You seem to be approaching this from a different angle than many. If I have reasonably high fraction of reads that align to the right genome then I generally do not worry about what got left behind.
I think these contamination levels are ok. If I read this correctly, most of the contaminant reads map to multiple genomes? In that case, you're literally dealing with < 1% contamination. Furthermore, Since your target is plant, you should be safe to just map everything and the mammalian reads should go to unmapped. To go one step further towards safety, you could also extract the contaminant reads, map them against your plant reference and see what happens.
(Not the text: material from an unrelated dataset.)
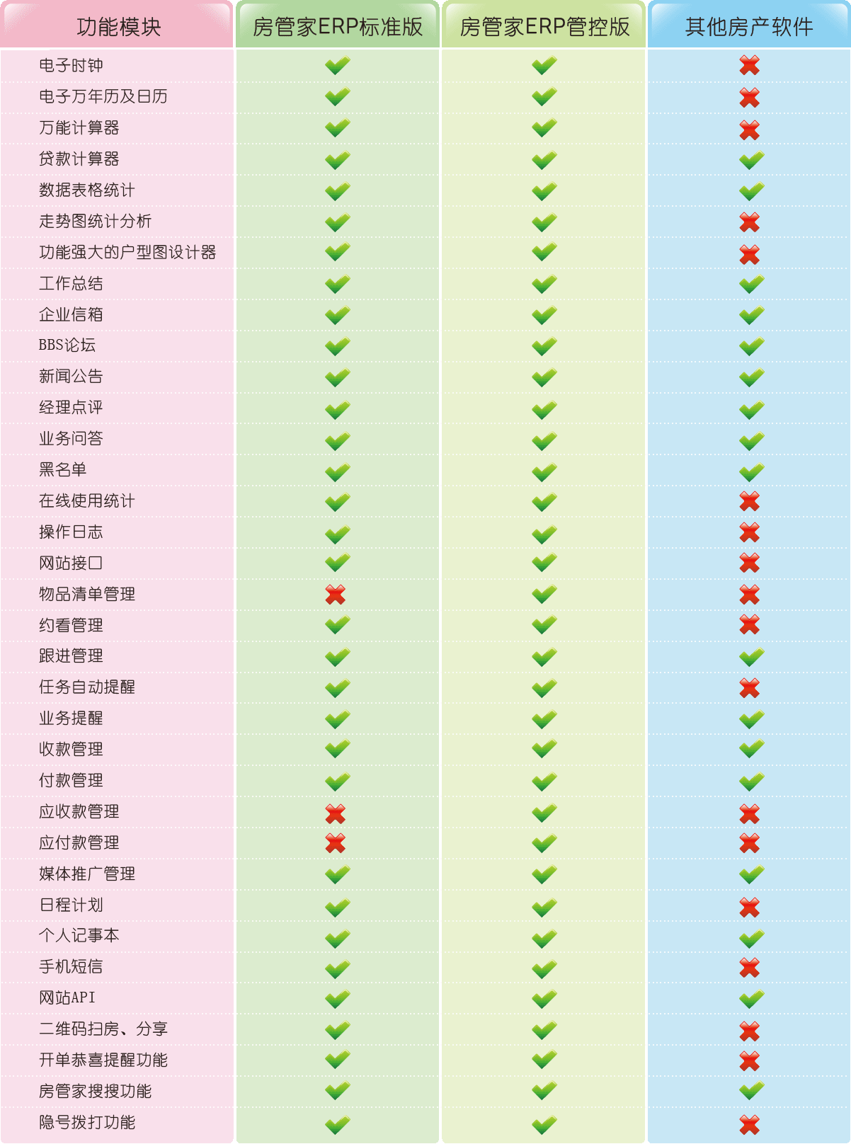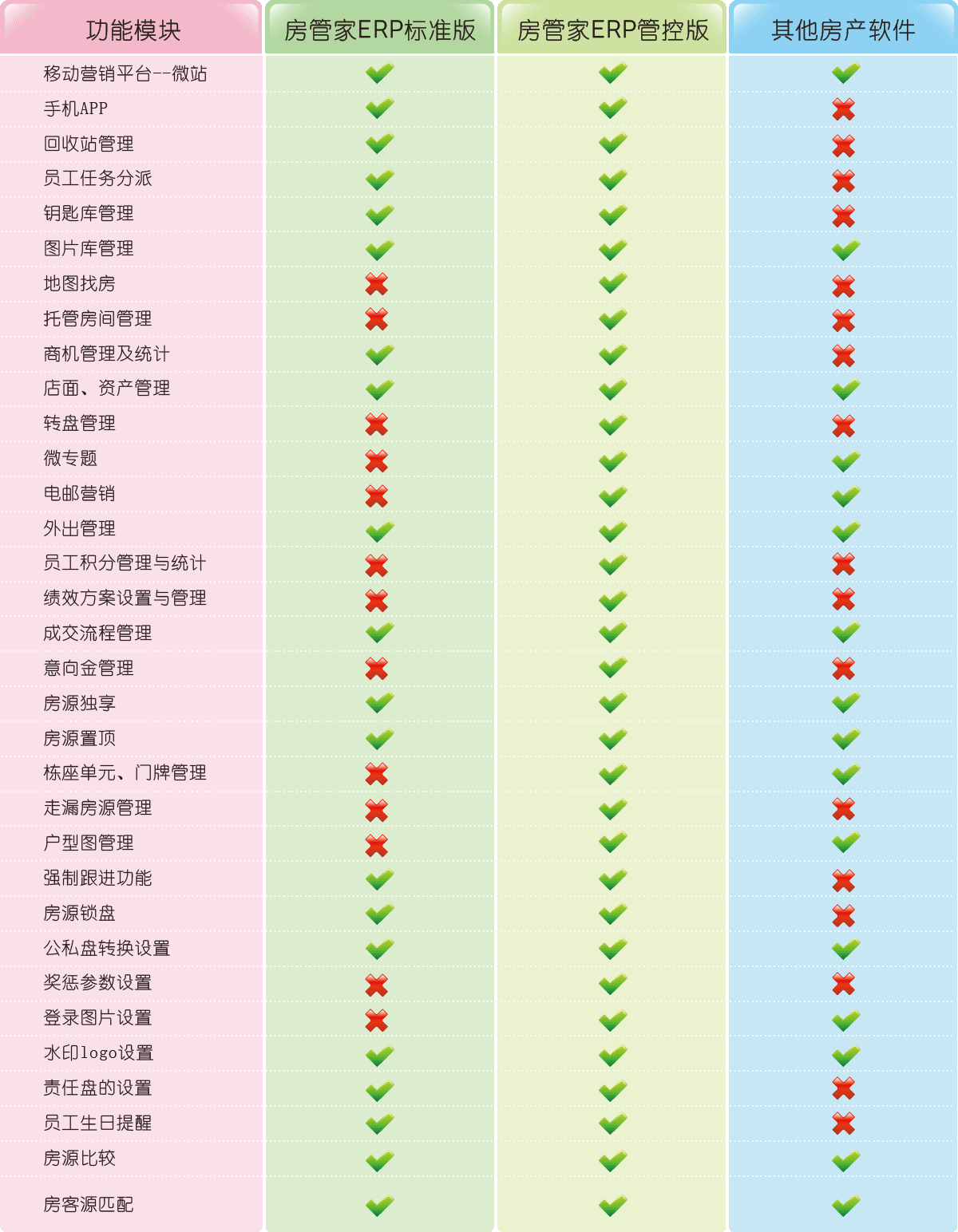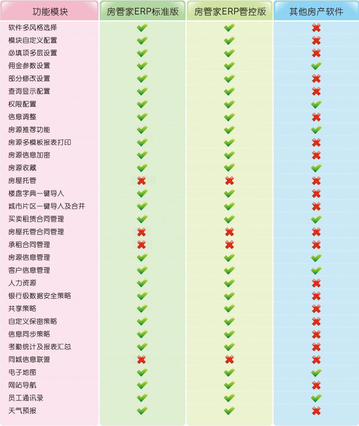 實(shí)現(xiàn)操作種類、權(quán)限級(jí)別、員工職務(wù)的多維綜合權(quán)限管理。操作種類權(quán)限管理,例如規(guī)定業(yè)務(wù)員只能查看和增加自己房源.不能修改和刪除房源;多鄉(xiāng)級(jí)別權(quán)限管理,例如規(guī)定業(yè)務(wù)員只能查看自己的房源.或者可以查看本部門的房源.或老可以查看其他部門的房源;多職務(wù)管理,可以指定員工為普通業(yè)務(wù)體驗(yàn)還是分行經(jīng)理等等。多級(jí)別多職務(wù)的權(quán)限管理既滿足操作的靈活性,又實(shí)現(xiàn)管理的控制性。

That is correct, most are reads that are either 'Multiple_hits_one_genome' OR 'Multiple_hits_multiple_genome'
My guess is that these are reads are likely to contain / map to highly repetitive sequences common across both plant and animal kingdoms...
It should be easy to take the 'contaminant reads' and map them to my plant ref.genome - thanks for that suggestion. Cheers!